Well, Dad's tombstone is now in place. It took us quite a while to do this. I think it felt like this was our last opportunity to say something to him. It was really hard to decide what to have inscribed... we just wanted it to be perfect. I think it turned out wonderfully!


(JR shot this with his phone... pretty good phone shot, I must say.)

This side that you see here has the verse "'Behold, I lay in Zion a choice stone, a precious corner stone, and he who believes in Him shall not be disappointed.' This precious value then is for you who believe." 1 Peter 2:6, 7 We picked this verse because we wanted to somehow give the gospel while also applying the verse to Dad. I think we can safely say that Dad is NOT disappointed! The back of the stone just says "Burger". The base of the stone (the skinny black part) contains a line from each of us. JR and JC's are on this side and mine and Mom's are on the other side. It looks so great.

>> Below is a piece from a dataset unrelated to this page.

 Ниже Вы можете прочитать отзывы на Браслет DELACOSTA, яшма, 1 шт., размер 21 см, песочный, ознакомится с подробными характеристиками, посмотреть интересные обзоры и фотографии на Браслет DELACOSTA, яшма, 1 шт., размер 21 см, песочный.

This is so bittersweet. We are glad to have another chapter in this horrible experience closed, yet this makes things feel so official and final. I have always hated going out to visit Dad's grave because the part of him that was tangible, the part of him that I could touch and hug, the part of him that was human is there under my feet. I can hardly bear that thought. JR made the comment today that "I never thought I'd be visiting my Dad's grave". It's true. Of all people that we would imagine being breakable, Dad was not one of them. He was our rock. He was the picture of strength and love to us. How could he be the one that we are visiting in a cemetery?! I just still can't believe it is reality.

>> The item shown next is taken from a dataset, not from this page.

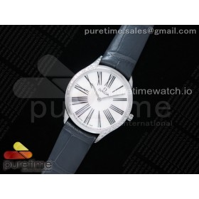 오메가 드빌 트레소르 퀴츠 화이트다이얼 가죽스트랩 De Ville Tresor Quartz 36mm Ladies SS White Dial Black Markers on Black Leather Strap Ronda Quartz

Sorry, for the gloomy post. I needed an outlet. Thanks for being that.

7 comments:

jenica said...

The stone looks beautiful. I have no adequate words for you, but I'll be praying. You can share your feelings, no apologies needed.

Abbey said...

Thank-you for sharing. I cannot begin to imagine how you feel but I will tell you that you and your family have been an amazing witness through all of this. We will be praying for you all.

Kelly said...

It sounds like your family really honored your Father, Brooke, in the words you chose for the headstone. I'm praying for you today!

Jennifer Voss said...

It looks great. I know it is so hard to imagine that this has really happened, but I know he is smiling down on you and is so proud of the mother you have become!

Rachel C said...

I think the post was so moving,Brooke-it reminds me of what I need to be and do while I am on this earth and that it could be taken away any day. That is the greatest part, that he did what he was supposed to do with you guys and you will always have that with you.

Michelle said...

This post was really moving for me too. I will pray for you today.

Lista said...

Your dad raised a great daughter. I can only imagine how hard it must be to see that stone in place and feel the finality of it. I'm still praying for you!